**What this task involves:** Every line below must come back exactly as it stands, with the images omitted.

**Information supplied:**
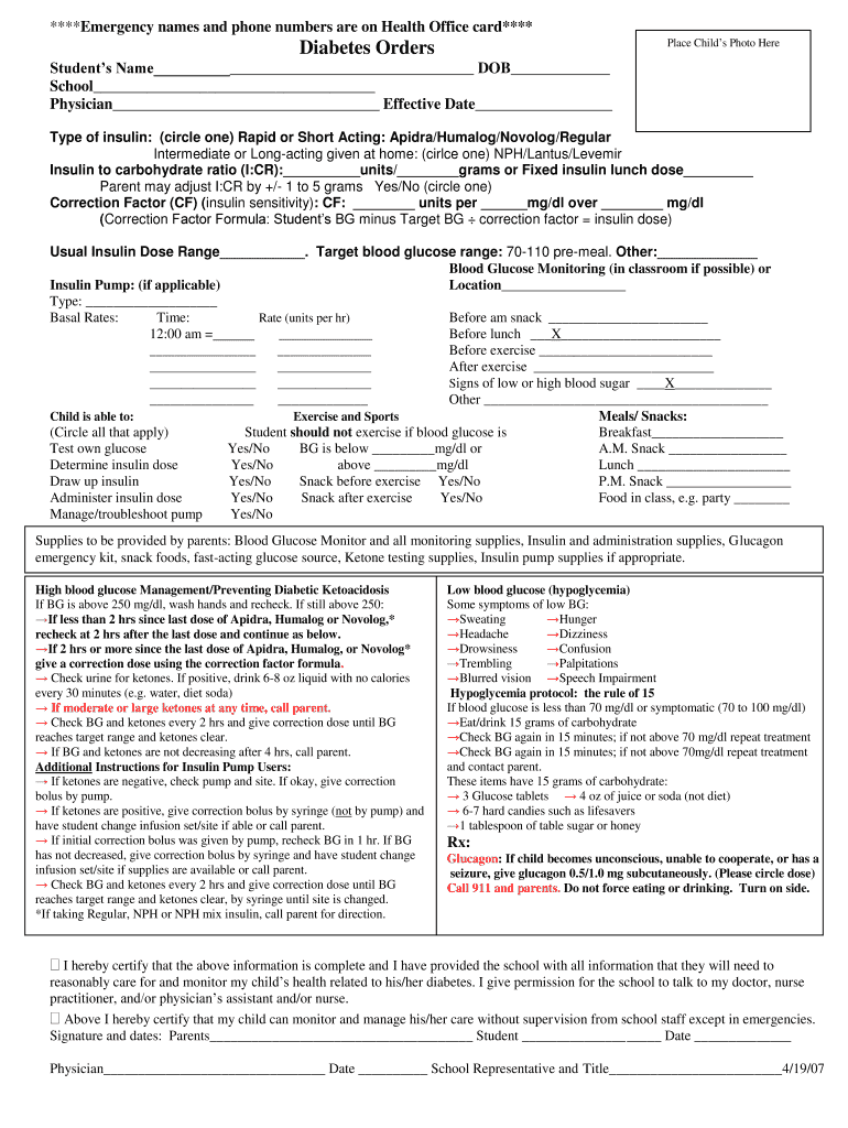 ****Emergency names and phone numbers are on Health Office card**** Place Child's Photo Here Diabetes Orders Students Name DOB School Physician Effective Date Type of insulin: (circle one) Rapid or
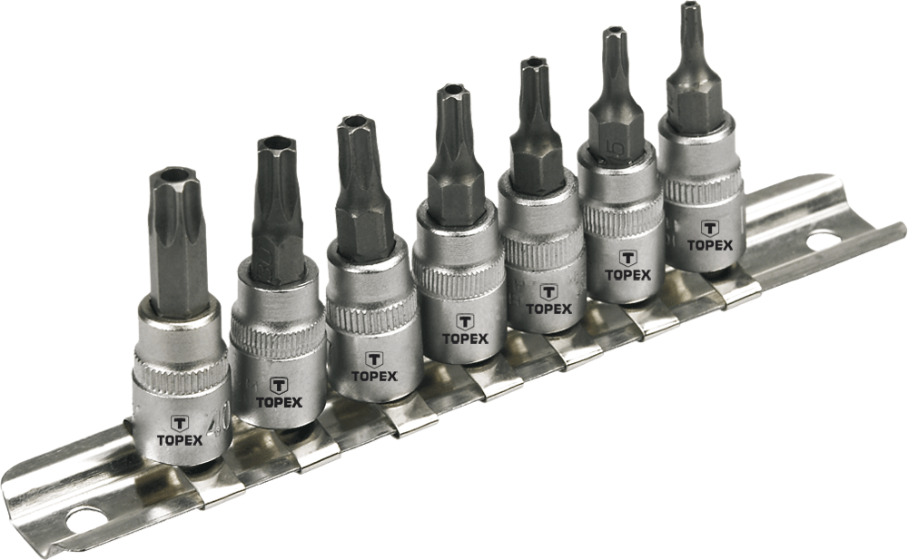 Końcówki Torx na nasadce TOPEX o rozmiarze gniazda 1/4”. Wszystkie elementy wykonane z wytrzymałej stali chromowo-wanadowej, zapewniającej długą żywotność produktu. Marka TOPEX skierowana jest do majsterkowiczów
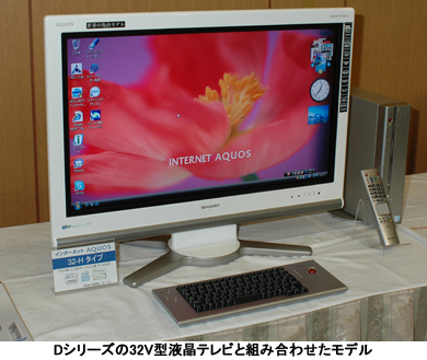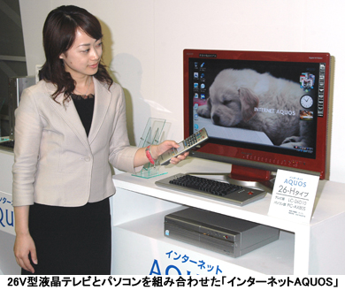 同社は06年5月に初代の「インターネットAQUOS(アクオス)」を発売した。液晶テレビのサイズは37V型と32V型。量販店などでは、パソコン売り場とテレビ売り場で販売していた。しかし、テレビ売り場では薄型テレビの急速な価格下落の影響で「PCが付いているだけで、(大型テレビとしては)割高となり販売に苦戦した」(同)。さらに「パソコン売り場では大型テレビは厳しい」(同)と、いずれも売り場でも中途半端な位置づけに終わった。そのため今回は、中小型液晶テレビとのセットで、パーソナル需要を開拓することにした。新製品も初代モデル同様、テレビ売り場とパソコン売り場に並ぶ予定だが、「かなりの部分をパソコン売り場で販売する」(同)方針。
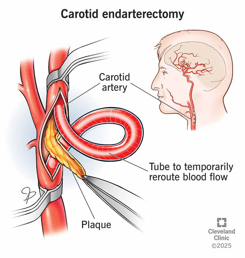 • This surgery aims to reduce the risk of stroke by improving blood flow to the brain.

**Response area:**
 ****Emergency names and phone numbers are on Health Office card**** Place Child's Photo Here Diabetes Orders Students Name DOB School Physician Effective Date Type of insulin: (circle one) Rapid or
 Końcówki Torx na nasadce TOPEX o rozmiarze gniazda 1/4”. Wszystkie elementy wykonane z wytrzymałej stali chromowo-wanadowej, zapewniającej długą żywotność produktu. Marka TOPEX skierowana jest do majsterkowiczów
 同社は06年5月に初代の「インターネットAQUOS(アクオス)」を発売した。液晶テレビのサイズは37V型と32V型。量販店などでは、パソコン売り場とテレビ売り場で販売していた。しかし、テレビ売り場では薄型テレビの急速な価格下落の影響で「PCが付いているだけで、(大型テレビとしては)割高となり販売に苦戦した」(同)。さらに「パソコン売り場では大型テレビは厳しい」(同)と、いずれも売り場でも中途半端な位置づけに終わった。そのため今回は、中小型液晶テレビとのセットで、パーソナル需要を開拓することにした。新製品も初代モデル同様、テレビ売り場とパソコン売り場に並ぶ予定だが、「かなりの部分をパソコン売り場で販売する」(同)方針。
 • This surgery aims to reduce the risk of stroke by improving blood flow to the brain.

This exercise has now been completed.